To counteract this limitation, Japanese Laid-open Patent No. S63-29729 discloses a method for adding conductive material to the sealing adhesive, instead of the application of a separate conductive paste, to allow electrical connection between the common electrode on the second substrate and the connecting terminal electrode on the first substrate. This configuration, however, risks a short-circuit between the common electrode on the second substrate and the various other conductors on the first substrate, resulting in difficulty in narrowing the frame.
The present invention aims to offer a liquid crystal display panel with a narrow frame, even for active matrix liquid crystal display devices with many complicated wiring.
A liquid crystal display panel according to the present invention includes a first substrate having pixel electrodes, conductors for applying voltage to the pixel electrodes, and connecting terminal electrodes; a second substrate opposite said first substrate and spaced therefrom having common electrodes, and a sealing adhesive.
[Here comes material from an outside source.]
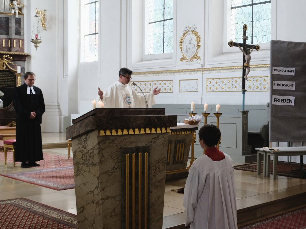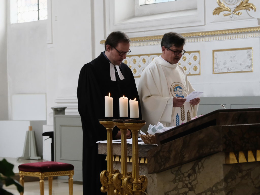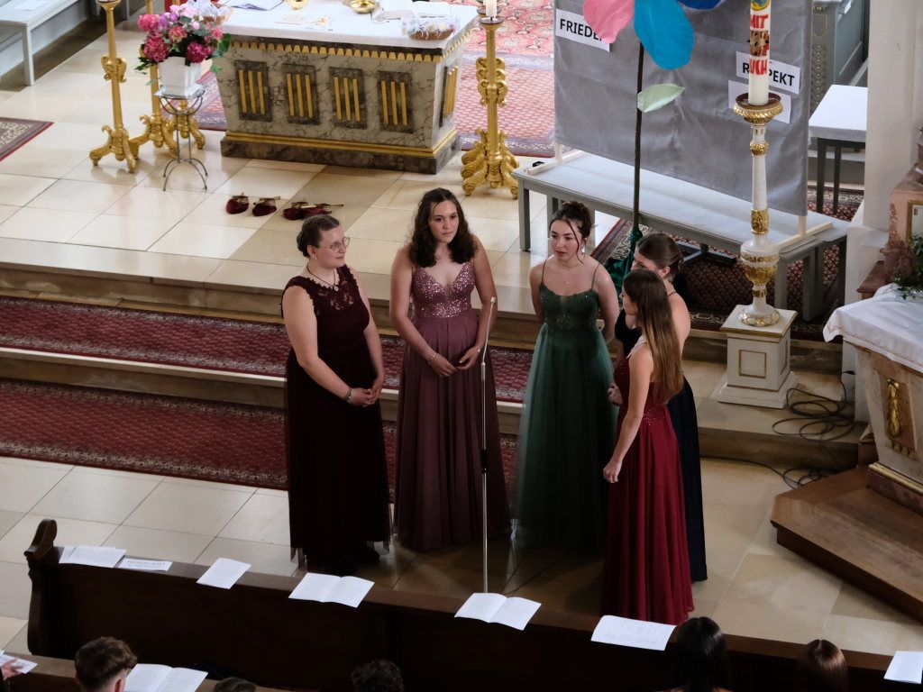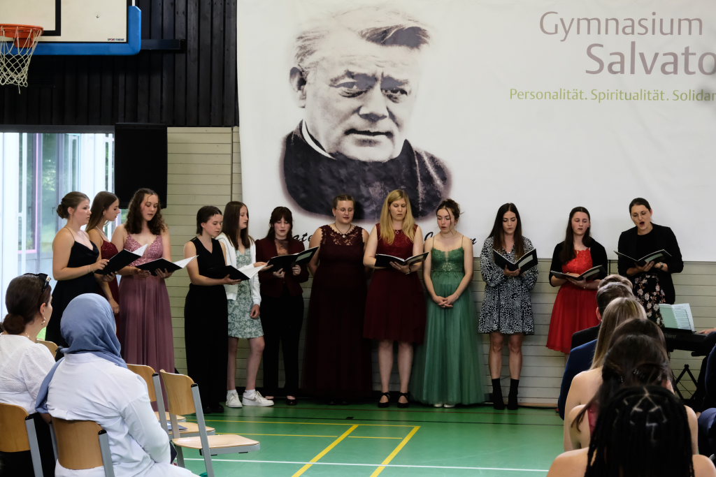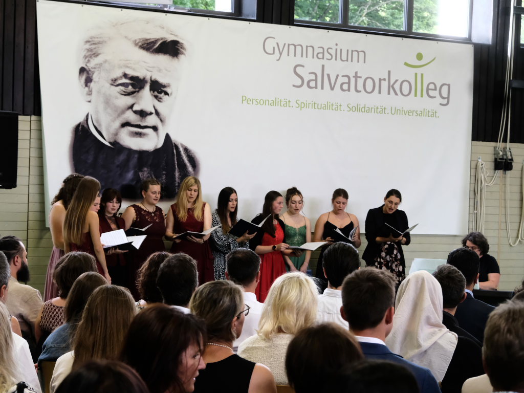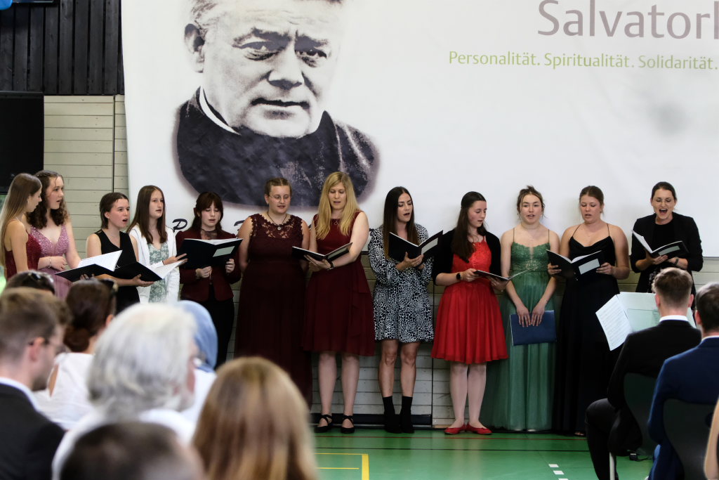 Bad Wurzach – Wie beim Salvatorkolleg üblich, begann die Abiturfeier mit einem von Pater Mariusz und Pfarrer Michael Kuczera zelebrierten und von einem Vokalensemble und einer Lehrerband musikalisch mitgestalteten ökumenischen Gottesdienst in der Stadtpfarrkirche St. Verena. Er stand in diesem Jahr unter dem Motto „Frieden, Liebe, Freundschaft, Zuversicht, Respekt“. Es war ein ganz besonderer Abiturjahrgang, weil das Salvatorkolleg Bad Wurzach in diesem Jahr sein 100-jähriges Jubiläum feiert.

The sealing adhesive contains conductive particles at a predetermined density, and seals the space between the first and second substrates along approximately the entire circumference for sandwiching a liquid crystal layer between the first and second substrates. The conductive particles in the sealing adhesive electrically connect the connecting terminal electrodes on the first substrate and the common electrodes on the second substrate.
The liquid crystal display panel of the present invention further includes a sealing adhesive containing spherical conductors dispersed approximately uniformly at a predetermined concentration along the periphery between the two substrates. The spherical conductors in the sealing adhesive electrically connect the common electrodes on the second substrate and the connecting terminal electrodes on the first substrate. An insulation film is provided over the conductors of the first substrate at least at the area where the conductors on the first substrate and the common electrodes on the second substrate overlap.
With the above configuration, spherical conductors in the sealing adhesive electrically connect common electrodes on the second substrate to connecting terminal electrode on the first substrate. The insulation film provided over the other conductors insulates the conductors on the first substrate from the common electrodes on the second substrate. The conventional need for connecting them using the conductive paste is eliminated. Thus, the need for allowing an area in the frame for the conductive paste is eliminated. Accordingly, a liquid crystal display panel with a narrower frame is made possible.
Furthermore, by placing the connecting terminal electrodes of the first substrate on the insulation film enables designing a larger area for the connecting terminal electrode. Since the formation of the connecting terminal electrode is the last step in fabricating the first substrate, a residue will not remain on a film surface. This assures good electrical connection, and reduces the connection resistance with the common electrodes on the second substrate.